Nor is influence limited to physical contaminants. Bad ideas spread too. In June 2016, I knew for certain, in my gut, that Donald Trump was going to be elected president after the British bailed out of the European Union because they were afraid membership might mean that a Turk could move next door. Brexit was a disastrous blunder, akin to throwing yourself off a cliff to feel the breeze.

Nationalism was in the air. Still is, around the globe. From Vladimir Putin lobbing missiles at Ukraine to Lopez Obrador fomenting violence against journalists in Mexico — at least 16 were killed there last year. Would-be tyrants are seeing just how much they can get away with. Short answer: a lot.

The latest nation in turmoil is Israel. Watching Israel tear itself apart — if you’ve been distracted by March Madness and Opening Day, six-time Prime Minister Benjamin Netanyahu returned to power last November after assembling paper-thin majority of zealots, haters and fellow crooks, and promptly began trying to kneecap the judiciary — calling it “reform” — to keep himself and his cronies from going to prison.

sraeli Prime Minister Benjamin Netanyahu attends a weekly cabinet meeting at the prime minister’s office in Jerusalem earlier this month. (Abir Sultan/Pool photo, distributed by the Associated Press)

Israel, a democracy-loving country, at least when it comes to Jewish people — non-Jews, not so much — has been convulsed with unprecedented protests, and unprecedented shocks like military reservists vowing they won’t serve a dictator.

A stable democracy sliding toward civil war over the return of a judiciary-wrecking would-be autocrat. Hmm, as with Brexit, there seems a subtle a warning here to those of us in the United States.

Here, the flames haven’t taken hold, despite Donald Trump and his lackeys spreading gasoline and flicking matches toward the puddle. They’ll burn their nation down if it means they can rule over the ashes. (That isn’t Sun Tzu, despite what the internet says).

Yes, the pending presidential election in 2024 is different than 2016. (What? You’re thinking about the Chicago mayoral election? I should cough in my fist and move on. Let’s just say, there’s a Warren Zevon song called “You’re a Whole Different Person When You’re Scared.” That holds for cities too. Enough said.)

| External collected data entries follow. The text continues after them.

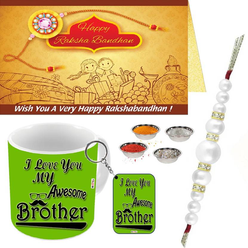 ME&YOU Presents beautiful Gift Set of Card, Printed Mug, Keychain,Rakhi & Roli Set for Brother. Give Surprise your brother on this Rakshan Bandhan. Buy this wonderful Gift Combo and Make this auspicious occasion of Rakshan Bandhan more special to your Brother. Printed with dye-sublimation technology all prints remain permanent for years without any fading or scratching.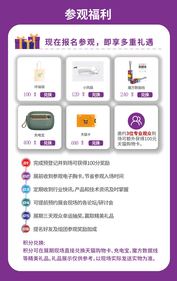 注:積分可在展期現(xiàn)場(chǎng)直接兌換天貓購(gòu)物卡、充電寶等精美禮品。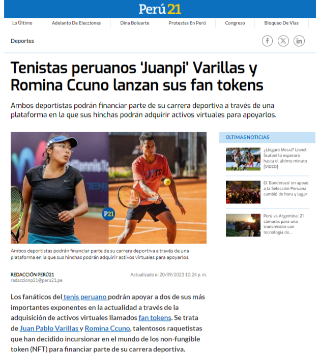 Perú 21: Artículo sobre el fichaje de Juan Pablo Varillas y Romina Ccuno en la plataforma y el anuncio del lanzamiento de sus tokens

Israelis protest against Prime Minister Benjamin Netanyahu’s judicial overhaul plan outside the parliament in Jerusalem on Monday. (Mahmoud Illean/Associated Press)

Sorry to be the bearer of bad news. But as with any good horror movie, the monster you thought was buried in the yard is actually moving around the house, somewhere. Republicans who hope Ron DeSantis shows up and saves them forget: a) DeSantis is a stiff and b) should it happen, they’ll be stuck with Ron DeSantis. Queen Elizabeth II dying did not mean the end of monarchy. Putin is in every sense a one-man ruler. Netanyahu is trying.

And in the palm-sized array of pink, green, yellow and purple states on my office globe? The battle we thought ended in 2021 has begun anew. The embers ignite into flame, fanned by winds wafting in from overseas. Looking at the convulsions in Israel might be looking into our own near future.